Unindo erudito e popular

É deliciosa e informativa a leitura do livro Diogo Pacheco, um maestro para todos, de Alfredo Sternheim, editado pela Imesp na coleção Aplauso em 2010.  Um episódio, acontecido num concerto ao ar livre num estádio de futebol em Presidente Prudente, dá a medida de quem era Diogo Pacheco. Sternhein escreve: “Mais de dez mil pessoas pela primeira vez assistiam a uma apresentação de orquestra sinfônica. Quando entrou em cena, Diogo ouviu gargalhadas, achou até que a calça estivesse rasgada.
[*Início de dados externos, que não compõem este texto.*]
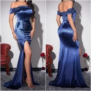 Luxurious Green Off Shoulder Slit thigh formal party evening wedding prom…
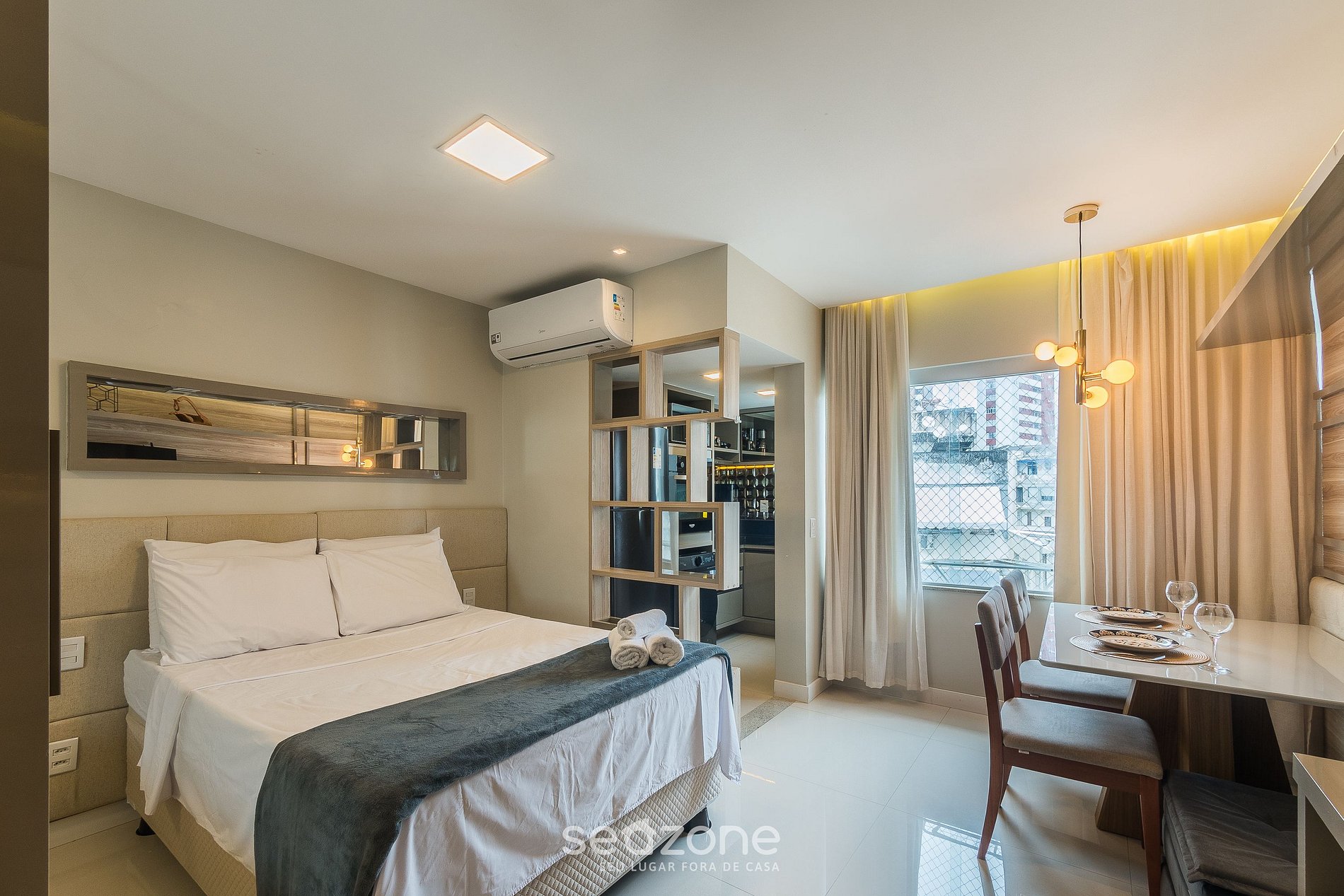 - Roupas de cama e banho de qualidade hoteleira (roupas de cama e toalhas extras são cobrados pela Seazone);

Os risos prosseguiam, misturados a vaias. Ele resolveu agir: 'Peguei o microfone e dei um berro. ‘Vocês estão acostumados à música popular, que permite mexer com seu corpo, seus gritos. Mas agora vou tocar uma música que mexe com a sensibilidade de vocês e tem que ser ouvida com respeito. Se ficarem quietinhos, vocês vão dar espaço para que essa música entre em vocês. Portanto, silêncio’. Nunca, nem no Municipal, ouvi um silêncio tão sepulcral como aquele'.”

O sepultamento de Diogo Pacheco será nesta quarta, às 16h, no Cemitério da Consolação, em São Paulo.